Истощение общего количества железа в организме приводит к появлению
анемического и сидеропенического синдромов (Воробьев П.А., 2001;
Погорелов В.М. и соавт., 2004).
ЖДА сопровождается снижением активности железосодержащих
окислительно-восстановительных ферментов клеток различных тканей, что
способствует развитию мышечной слабости, кардиомиопатии, вызывает
дистрофические и атрофические изменения кожи и слизистых оболочек
(Зюбина Л.Ю. и соавт., 2002; Малова Н.Е. и соав., 2002; Schaefer N. et al.,
2004; Gupta K. et al., 2006). При дефиците железа нарушается
миелинизация нервных волокон, возникают изменения в интеллектуальной
сфере (Lozoff B. et al., 2000; Algarin C. et al., 2003).

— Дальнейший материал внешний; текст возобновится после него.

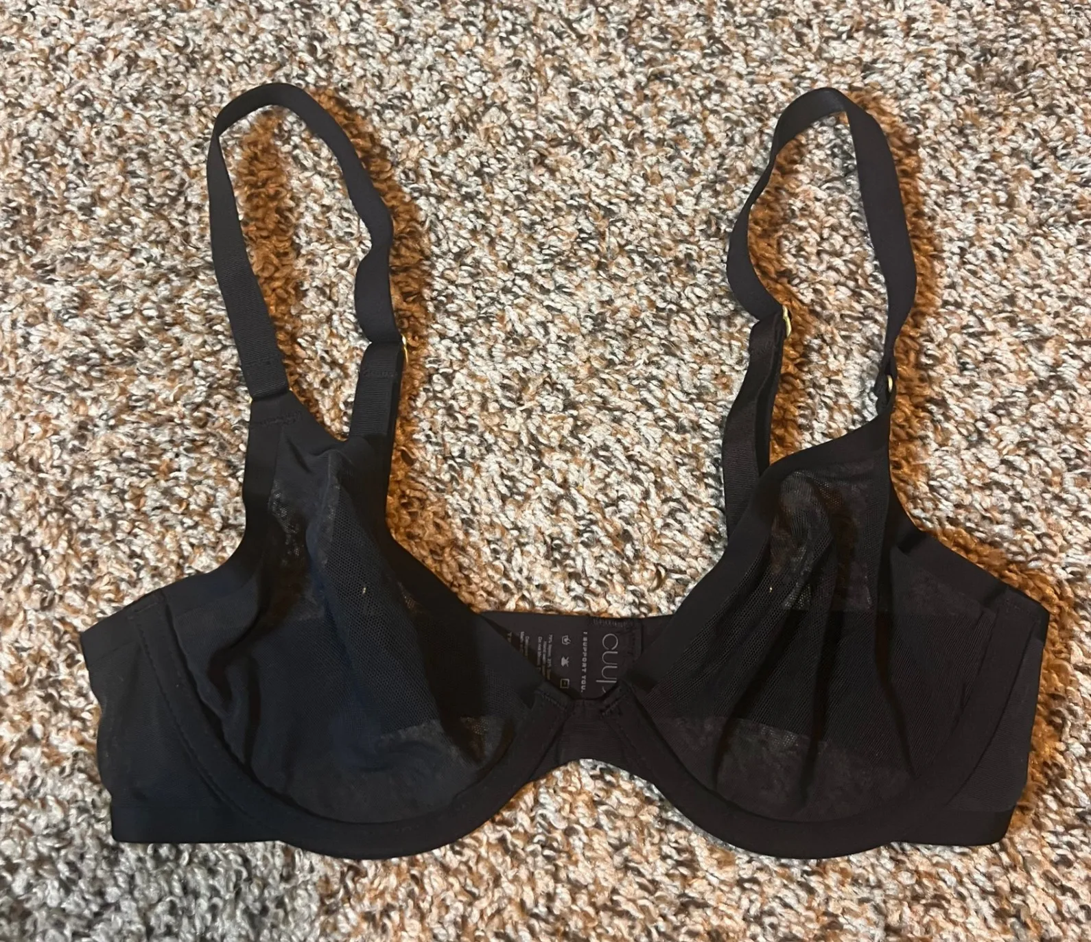 A sheer, unlined plunge bra designed for everyday comfort and support. This bra features a minimalist design with a low neckline, perfect for wearing under various tops and dresses. The unlined cups provide a natural shape and a lightweight feel, while the adjustable straps ensure a customized fit. The bra is finished with a hook-and-eye closure for easy wear. Ideal for daily wear, special occasions, or as a comfortable option for lounging. Type: Bra Style: Plunge Bra Color: Black Department: Women Band Size: 30 Cup Size: C Features: Adjustable Straps, Unlined, Sheer, Lightweight, Plunge Underwire Type: Underwired Pattern: Solid Fabric Type: Mesh Accents: Strap, Lace Strap Type: Bra Strap Material: Nylon Blend, Spandex Keywords: CUUP bra, plunge bra, sheer bra, unlined bra, black bra, 30C bra, lingerie, women's bra, everyday bra, comfort bra, adjustable straps, minimalist bra, lightweight bra, the plunge

Рядом исследований установлено, что при ЖДА появляются изменения
в гуморальном и клеточном звене иммунной системы (Сафуанова Г.Ш. и
соавт. 2002, 2004; Eciz С. et al., 2005). Больные с ЖДА чаще страдают от
инфекционно-воспалительных заболеваний, принимающих у них
хроническое течение (Левина А.А. и соавт., 2001; Жданова Е.В. и соавт.,
2002; Демихов В.Г., 2003). Патогенетические механизмы этого явления до
сих пор остаются мало изученными. Учитывая, что нейтрофильные
лейкоциты играют важную и порой определяющую роль в развитии
воспалительных процессов, представляет интерес исследование
функциональной активности этих клеток при ЖДА.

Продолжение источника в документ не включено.